Le Figaro was founded in 1826 as a satirical weekly newspaper in France. It became a daily publication in 1866, with its first daily edition on the 16th of November 1866 selling 56,000 copies, the highest circulation of any newspaper in France at the time. It is now the oldest national newspaper in France.
Where does Le Figaro's name and motto come from?
Le Figaro takes its name from a character in plays by Pierre Beaumarchais (1732-1799), specifically Le Mariage de Figaro, a 1778 play that mocked aristocratic privilege. The paper's motto, "Without the freedom to criticise, there is no flattering praise," comes from Figaro's monologue in the play's final act.
Who owns Le Figaro and since when?
Le Figaro has been controlled by Serge Dassault since March 2004, through Groupe Figaro. Dassault owns 80% of the paper. He is a conservative businessman and politician best known for running Dassault Aviation, which he inherited from his father Marcel Dassault (1892-1986).

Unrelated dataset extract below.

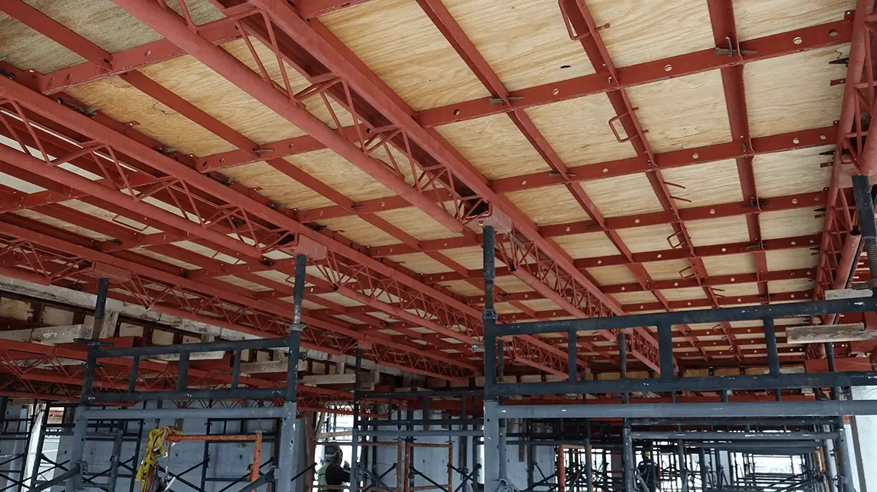 Centro comercial de 4 niveles con 1,000 m2 de cimbra y apuntalamiento.
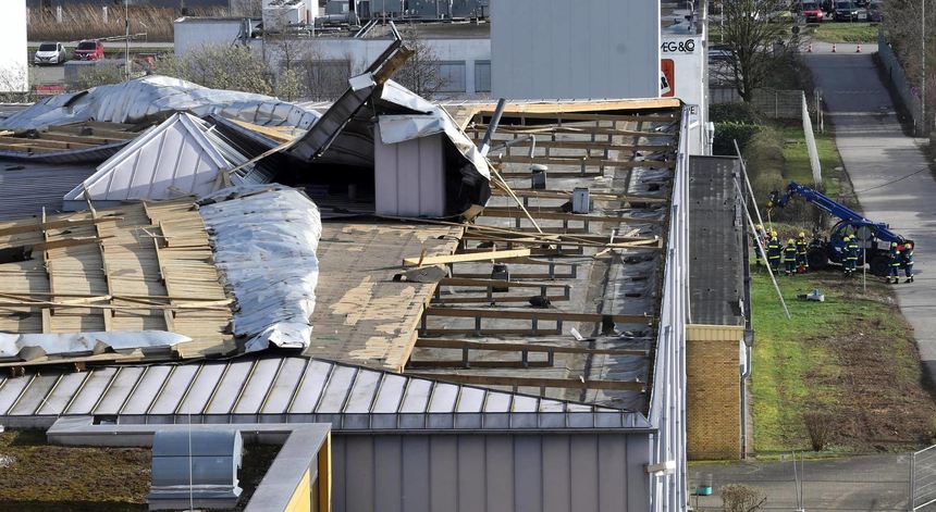 Bis in die Abendstunden waren 42 Männer und Frauen des Technischen Hilfswerks in Bensheim im Einsatz, um das Schlimmste zu verhindern. „Das Dach ist größtenteils entlang der Längsseite abgedeckt. Wir können aber niemanden hochschicken, das ist bei den aktuellen Windböen viel zu gefährlich“, erklärte Einsatzleiter Sascha Stein vor Ort. Offenbar hatte sich der Sturm unter der Konstruktion verfangen und diese aus der Verankerung gerissen. Das Gelände rund um das Berufliche Schulzentrum des Kreises am Berliner Ring wurde am Sonntag weiträumig abgesperrt.

What is Le Figaro's editorial stance?
Le Figaro holds a centre-right editorial stance and has traditionally been the voice of the French upper and middle classes. Managing editor Etienne Mougeotte stated in 2012: "We are a right-wing newspaper and we express it clearly." The paper's ownership by Serge Dassault was a source of controversy over conflicts of interest.
What is FigaroVox and what role does it play at Le Figaro?
FigaroVox is an online section of figaro.fr launched in 2014 by editorial director Alexis Brezet. Observers described it as a platform for the hard-right, with preferred themes including immigration and Islam as threats to national identity. Sociologist Philippe Corcuff called it "ultraconservative." Since 2019, the section has been headed by Guillaume Perrault.
How many digital subscribers does Le Figaro have?
Le Figaro reached 200,000 website subscribers in November 2020. In 2019, it had 130,000 digital subscribers and ranked among the 50 most visited sites in France. By 2017, it already had 80,000 digital subscribers plus 70,000 holding combined print and digital subscriptions.